Выбор Чухонцевым в 1968 г. Баркова в качестве героя стихотворения мотивируется несколькими литературными и автобиографическими обстоятельствами. Прежде всего Барков занимал автора сам по себе - и как талантливый поэт, и как яркая личность. Далее, во второй половине 60-х годов, массовый советский читатель имел о Баркове смутные представления: текстов его в свободном доступе не было, большая часть сведений о нём носила недостоверный характер (ту же статью Макогоненко видели преимущественно специалисты по XVIII в.). Помимо всего прочего, Чухонцев восстанавливал историческую справедливость, воздавая по заслугам полузабытому классику. Наконец, в образ свободолюбивого Баркова автор внёс остро личный оттенок. Именно в тот период Чухонцев оказался под огнём официозной критики и был на несколько лет отлучён от печатного станка за публикацию в журнале «Юность» стихотворения «Повествование о Курбском» (Ч.1, с. 29), сочтённого оправдывающим идею «предательства родины». Таким образом, литературный «неудачник» Барков выступает и в качестве alter ego лирического героя.

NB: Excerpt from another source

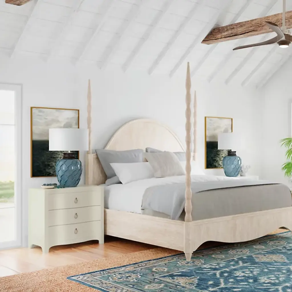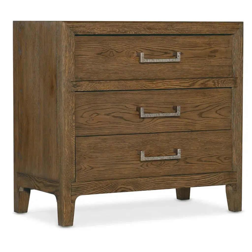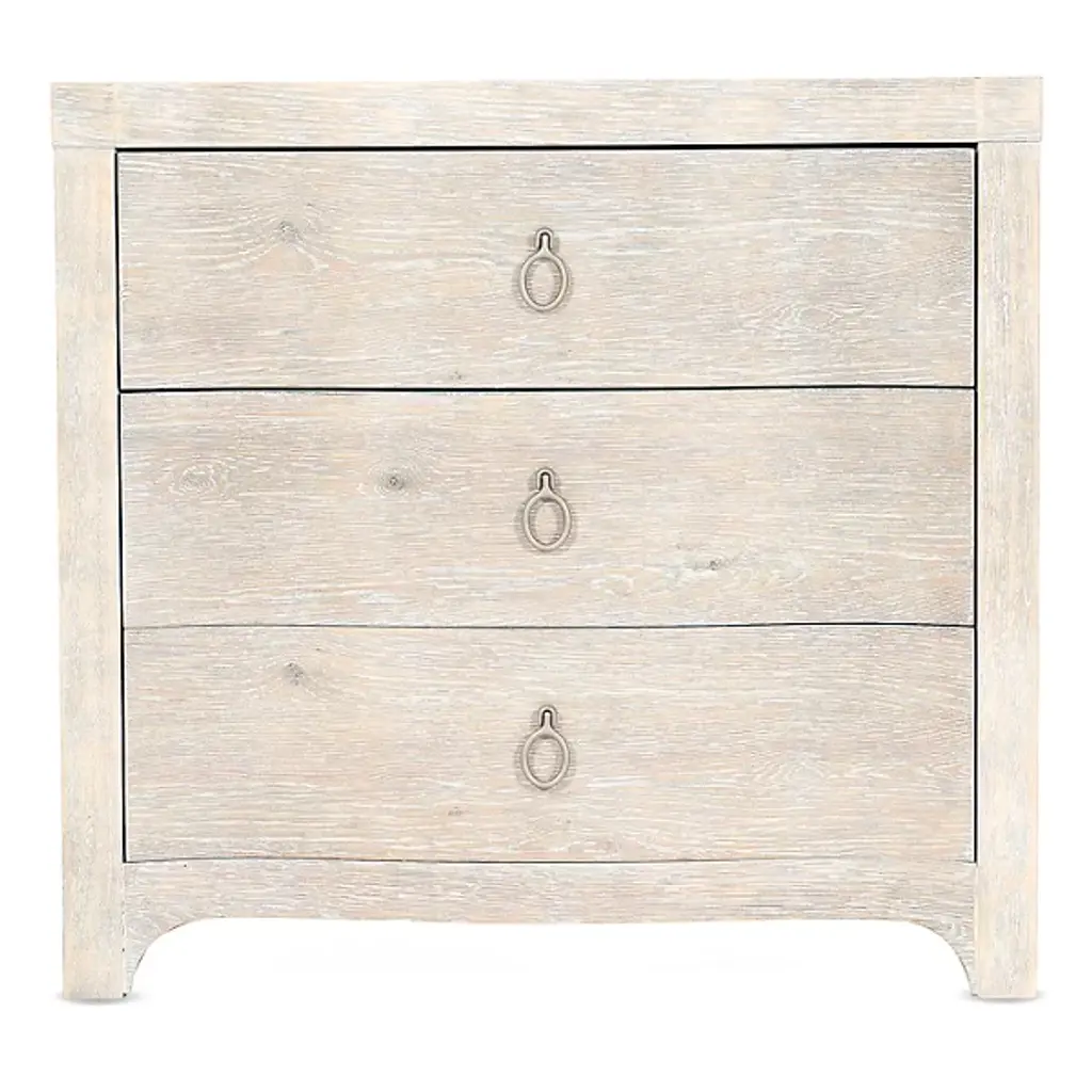 The Serenity Antigua Nightstand from Hooker Furniture brings peacefulness in a crisp, clear silhouette to the bedroom. Inspired by the tranquility of waterfront living, it complements its relaxed aesthetic with soft-close drawers to prevent loud banging, and light, champagne decorative ring pulls add functionality and a designer touch. A cord clip on the back and a USB charger with two ports accommodate modern needs and make it easy to keep electronics charged.

К моменту создания стихотворения Чухонцев уже дал ряд портретов русских поэтов, мыслителей и исторических деятелей. Дельвиг («Дельвиг», 1962), Державин («Похвала Державину.», 1965) и даже Курбский («Повествование о Курбском», 1967) с Чаадаевым («Чаадаев на Басманной», 1967 (Ч.3, с. 75)) - это система автопортретов в зеркалах разных исторических обстоятельств. Метод Чухонцева оказался важным и плодотворным. Так, в позднем цикле «Осьмерицы», опубликованном в 2010 г., явно или полускрыто представлена не одна плеяда русских мужей: от Гавриила Державина до Венедикта Ерофеева (Ч.4, с. 48-51).

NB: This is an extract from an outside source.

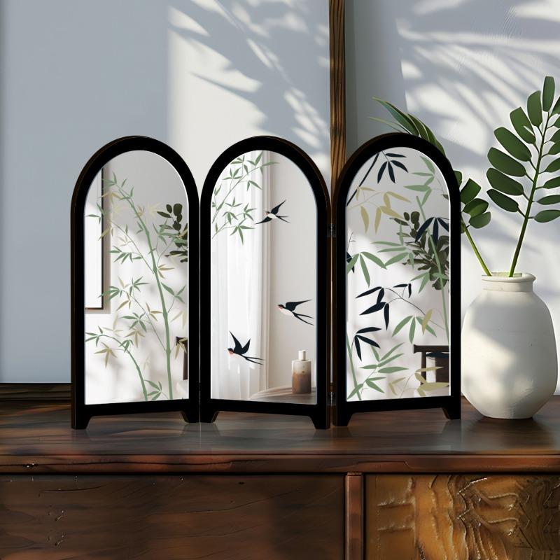 Chinese Design Mid Ancient Style Flower Bird Ink Bamboo Folding Screen Desktop Decoration Tea Table Living Room Decor

Автобиографизм подобных литературных портретов подчёркнут. В то же время во всех случаях одновременно звучат минимум два голоса, слова любого персонажа неотделимы от слов лирического героя.
В «Баркове» точка зрения также «плавает», и границу между автором и героем в некоторых местах провести невозможно. Но, помимо неоднозначности
персонажа, произведение построено на целой системе парадоксов: стиховых, стилистических и смысловых.
Размер стиха может быть определён как шестистопный ямб с перекрёстной системой мужских и женских рифм (ЯбаБаБ ). Фактически же имеется метрическая двойственность: в основе четырёхсложник.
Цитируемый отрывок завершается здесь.